*** Opening of EXERCISE DATA ***

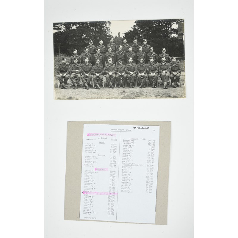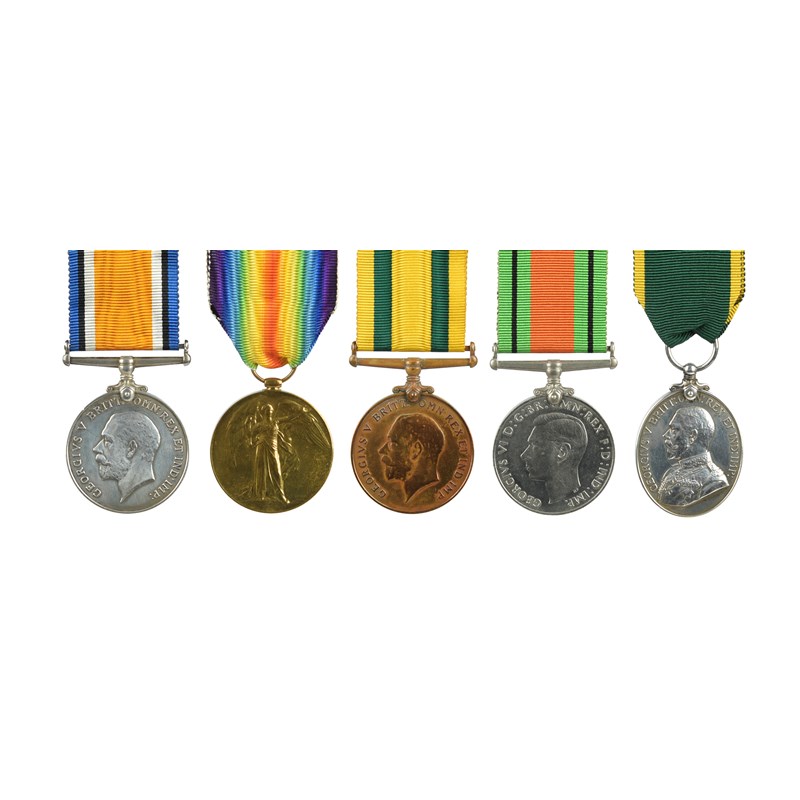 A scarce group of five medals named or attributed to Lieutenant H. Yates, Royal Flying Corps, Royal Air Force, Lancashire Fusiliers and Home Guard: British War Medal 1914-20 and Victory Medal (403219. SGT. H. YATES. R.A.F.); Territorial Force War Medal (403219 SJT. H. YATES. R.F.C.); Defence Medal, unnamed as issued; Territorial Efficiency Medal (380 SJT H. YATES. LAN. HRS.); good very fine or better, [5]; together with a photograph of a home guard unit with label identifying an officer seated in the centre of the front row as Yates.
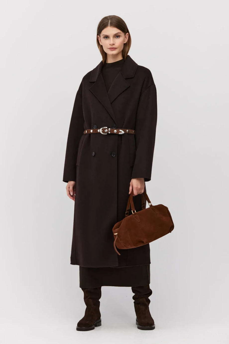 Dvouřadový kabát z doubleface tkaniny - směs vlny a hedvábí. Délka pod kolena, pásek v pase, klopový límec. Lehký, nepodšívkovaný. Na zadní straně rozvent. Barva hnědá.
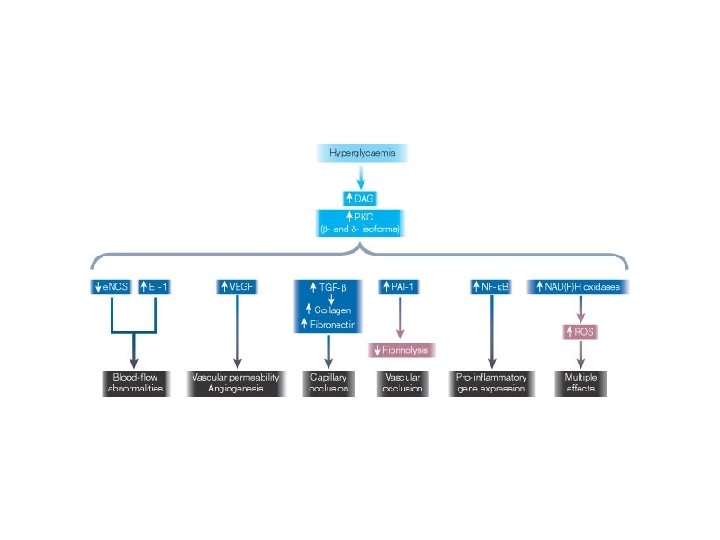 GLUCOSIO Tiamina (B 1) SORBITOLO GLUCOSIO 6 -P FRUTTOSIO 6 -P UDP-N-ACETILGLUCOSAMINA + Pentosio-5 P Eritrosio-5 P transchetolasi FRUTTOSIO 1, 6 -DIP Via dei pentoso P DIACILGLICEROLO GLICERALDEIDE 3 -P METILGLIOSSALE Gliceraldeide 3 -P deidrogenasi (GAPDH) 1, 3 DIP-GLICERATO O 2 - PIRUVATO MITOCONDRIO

*** Close of EXERCISE DATA ***

Write out the data exactly, but not its pictures.

 A scarce group of five medals named or attributed to Lieutenant H. Yates, Royal Flying Corps, Royal Air Force, Lancashire Fusiliers and Home Guard: British War Medal 1914-20 and Victory Medal (403219. SGT. H. YATES. R.A.F.); Territorial Force War Medal (403219 SJT. H. YATES. R.F.C.); Defence Medal, unnamed as issued; Territorial Efficiency Medal (380 SJT H. YATES. LAN. HRS.); good very fine or better, [5]; together with a photograph of a home guard unit with label identifying an officer seated in the centre of the front row as Yates.
 Dvouřadový kabát z doubleface tkaniny - směs vlny a hedvábí. Délka pod kolena, pásek v pase, klopový límec. Lehký, nepodšívkovaný. Na zadní straně rozvent. Barva hnědá.
 GLUCOSIO Tiamina (B 1) SORBITOLO GLUCOSIO 6 -P FRUTTOSIO 6 -P UDP-N-ACETILGLUCOSAMINA + Pentosio-5 P Eritrosio-5 P transchetolasi FRUTTOSIO 1, 6 -DIP Via dei pentoso P DIACILGLICEROLO GLICERALDEIDE 3 -P METILGLIOSSALE Gliceraldeide 3 -P deidrogenasi (GAPDH) 1, 3 DIP-GLICERATO O 2 - PIRUVATO MITOCONDRIO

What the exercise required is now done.